Although insurance is primarily state-regulated, the issue of whether the Obama administration is implementing provisions of the law too quickly at the cost of transparency is becoming a sore point with the industry.

The issue was highlighted in an exchange between Treasury Undersecretary Neal Wolin and Rep. Spencer Bachus (R-Ala.), chairman of the House Financial Services Committee (FSC).

In public comments prompted by the efforts of Republicans to slow down implementation of the law, Wolin lashed out at those seeking to delay or otherwise impede implementation of the Dodd-Frank financial-services-reform law.

He vowed that the administration will "move forward…quickly, carefully and responsibly."

Moreover, Wolin said, the administration "will continue to oppose efforts to slow down, weaken or repeal these essential reforms."

But in a statement responding to Wolin's comments, Bachus voiced support for delay.

"All of us know that on the highway 'speed kills,'" Bachus said. "Speed can also kill jobs when Washington rushes sweeping regulations into place without giving the public adequate time to comment."

He said the comment period for Dodd-Frank rules has sometimes been barely 30 days. "At the current breakneck pace, it is difficult for individual firms—especially small businesses—and the public at large to meaningfully participate and offer their insights and observations."

He added, "The implementation of the massive Dodd-Frank Act may be daunting for regulators, it may be intimidating for them, but that's no excuse to limit the public's participation and abandon sound rulemaking practices."

Bachus and Rep. Scott Garrett (R-N.J.), chairman of the House FSC's Capital Markets Subcommittee, are among co-sponsors of legislation that was recently introduced to delay implementation of the derivatives provisions of Dodd-Frank for 18 months. Currently, the rules must be in place by July.

Garrett argues that Dodd-Frank "set up a totally unrealistic and unworkable timeline for the implementation of a massive and bifurcated new regulatory regime to oversee the U.S. OTC derivatives markets."

"If the regulators get this wrong, it will be difficult—if not impossible—for businesses of all shapes and sizes to responsibly hedge their risks, and trading will be forced off of U.S. markets to those overseas," Garrett says.

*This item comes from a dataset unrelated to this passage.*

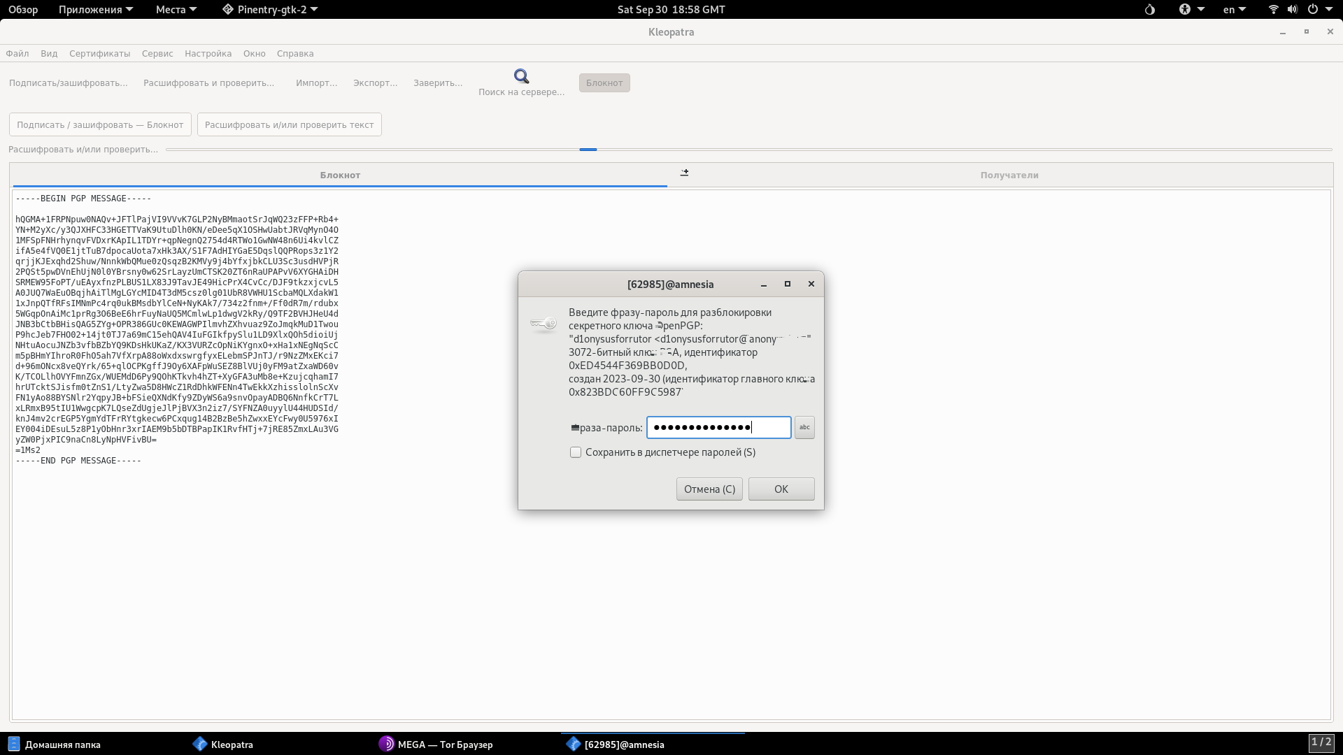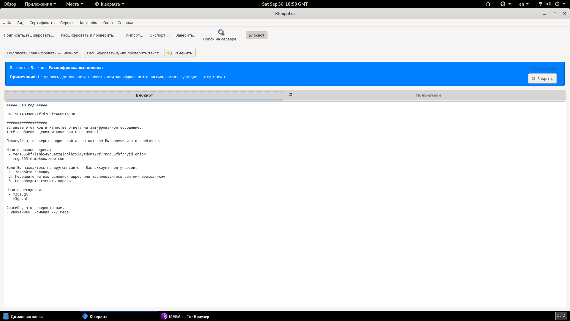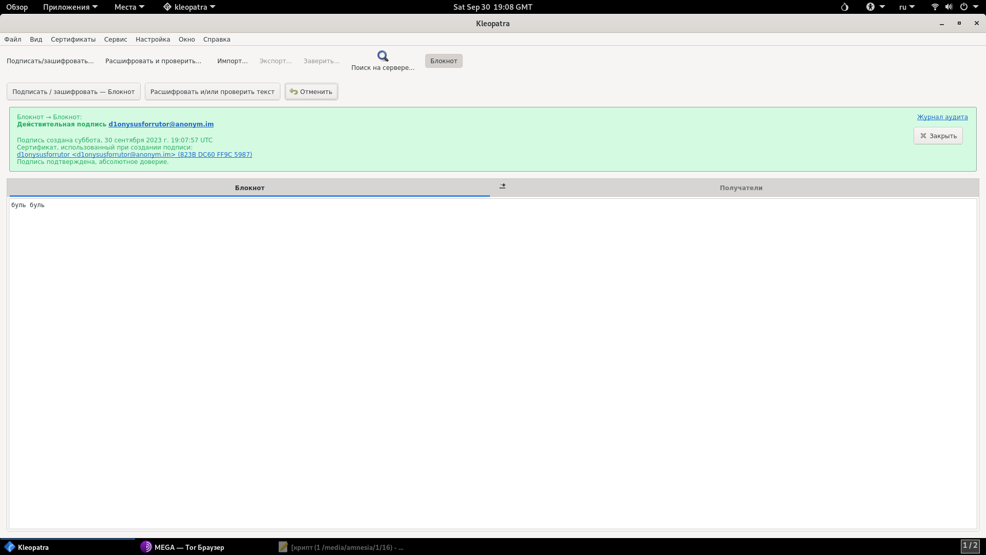 6. Возвращаемся в Kleopatra, кликаем на окно Блокнот, вставляем туда зашифрованное сообщение и выбираем Расшифровать и/или проверить текст.

In his comments, Wolin says Dodd-Frank provides a mandate to coordinate across agencies and instill joint accountability for the strength of the financial system.

"Already, we have worked through the FSOC [Financial Stability Oversight Council] to develop an integrated road map for implementation, to coordinate an unprecedented six-agency proposal on risk retention, and to develop unanimous support for recommendations on implementing the Volcker Rule," Wolin says.

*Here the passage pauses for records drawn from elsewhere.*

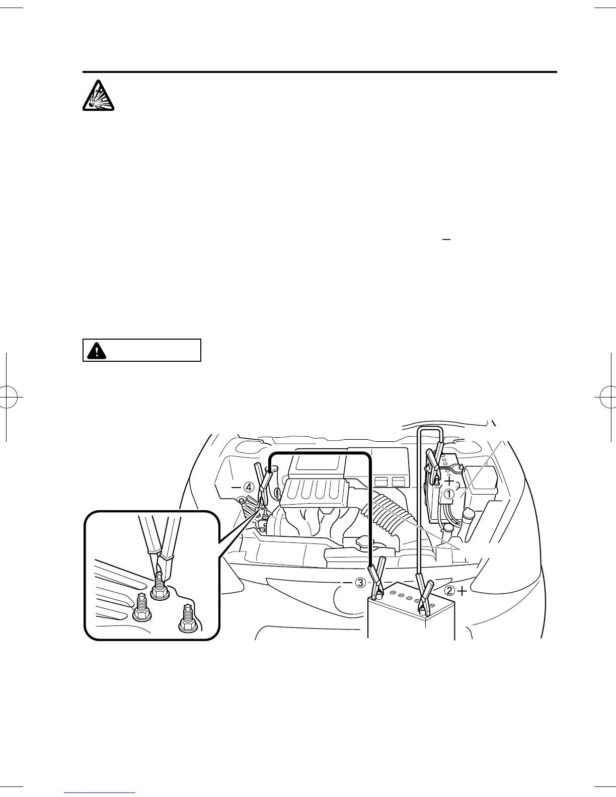 Do not jump-start a frozen battery or one with a low fluid level:
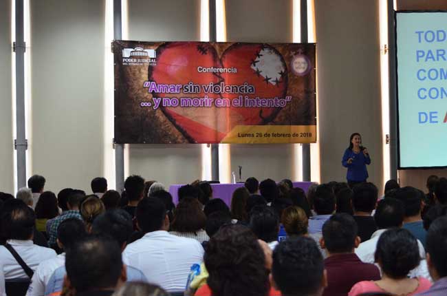 El origen, la identificación y las consecuencias de los diversos tipos de violencia fueron expuestos en la conferencia “Amar sin violencia…y no morir en el intento” que impartió esta tarde la Dra. Rocío Quintal López, especialista en el tema, en el recinto del Tribunal Superior de Justicia del Estado, como parte de las actividades de inclusión y perspectiva de género que se fomentan y difunden en la institución.
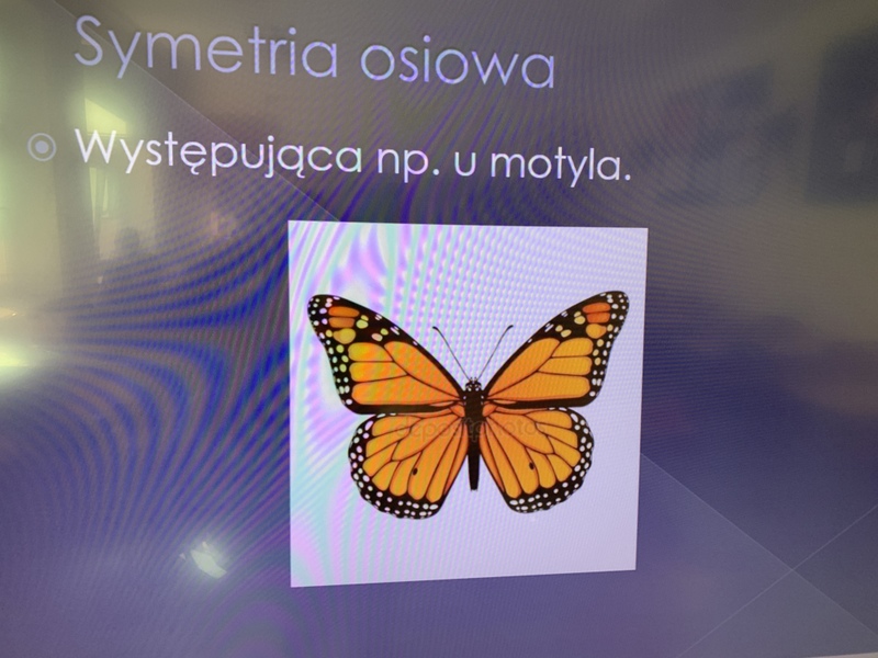 Na początku lekcji uczniowie zapoznali się, czym jest oś symetrii i jak można ją rozpoznawać w różnych figurach.
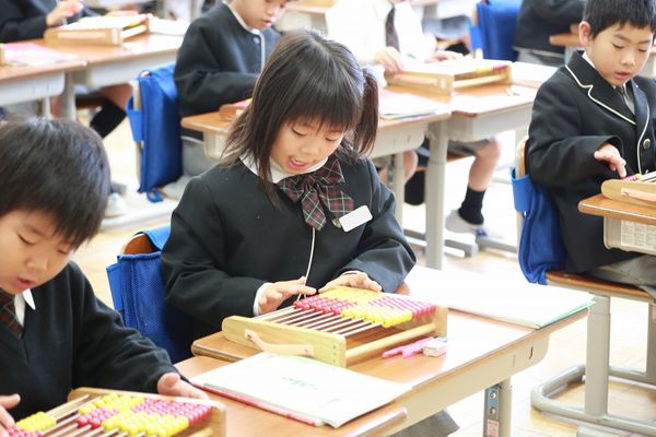 文部科学省が公立小学校の土曜授業の実施を補助する方針を決めたとの報道があります。英宏小学校では,授業時数確保と児童の生活リズムの安定のために,2012年の開校時より第1・3・4土曜日に授業を実施しています。1年生は,算数の授業で百玉そろばんを使って,10以上の数の合成分解を学んでいます。チャレンジ算数では,迷路と迷路づくりを楽しみました。
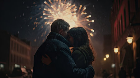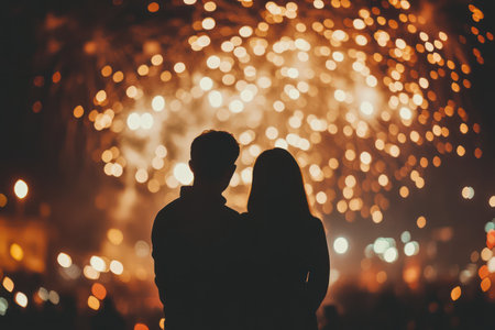 A couple stands in silhouette under a night sky filled with fireworks, capturing romance, celebration, and shared joyful moments.
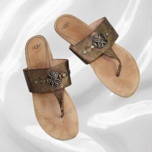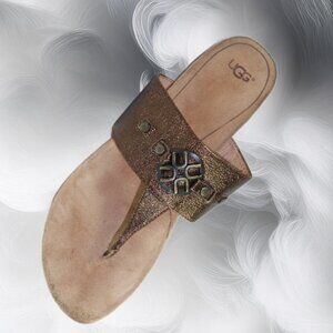 UGG Briella Pony Brown Bronze Wedge Thong Sandal, Size 10

At the same time, amid insurance-industry pressure, Wolin says announcement of the Obama administration's selection of the independent FSOC member with insurance expertise is "imminent."

Industry officials believe the independent member with insurance experience will be named in advance of a Senate Banking Committee hearing on the issue scheduled for May 12. It is unclear who is being considered for the post, but some industry lobbyists say they believe the leading candidate is Roy Woodall, who stepped down in January as an industry consultant and is a former state regulator.

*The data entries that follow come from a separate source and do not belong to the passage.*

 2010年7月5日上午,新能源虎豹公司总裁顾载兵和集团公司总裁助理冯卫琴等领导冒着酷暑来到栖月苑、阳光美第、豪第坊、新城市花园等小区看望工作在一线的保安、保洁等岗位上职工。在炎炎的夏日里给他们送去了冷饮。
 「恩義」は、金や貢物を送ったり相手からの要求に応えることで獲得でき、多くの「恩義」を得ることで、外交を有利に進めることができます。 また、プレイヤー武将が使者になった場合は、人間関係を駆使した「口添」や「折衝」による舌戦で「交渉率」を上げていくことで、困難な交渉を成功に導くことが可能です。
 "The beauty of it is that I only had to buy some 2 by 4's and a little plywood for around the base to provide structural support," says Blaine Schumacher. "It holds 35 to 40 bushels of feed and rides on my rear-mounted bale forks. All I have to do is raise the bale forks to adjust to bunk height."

The insurance industry's key concern is that the FSOC will move too hastily to implement rules that will be used to determine whether a nonbank financial company should be supervised by the Federal Reserve Board.

The industry wants a proposed rule setting the criteria the FSOC will consider in determining whether an insurer should be subject to enhanced, i.e. federal regulation, as well as the process the agency will use in making such a determination.

In its current form, the proposed rule lacks sufficient detail to achieve either of these objectives. The "framework" that is described in the preamble to the proposed rule does not appear in the rule itself. Nor does the framework provide any insight into what may constitute a threat to the financial stability of the United States.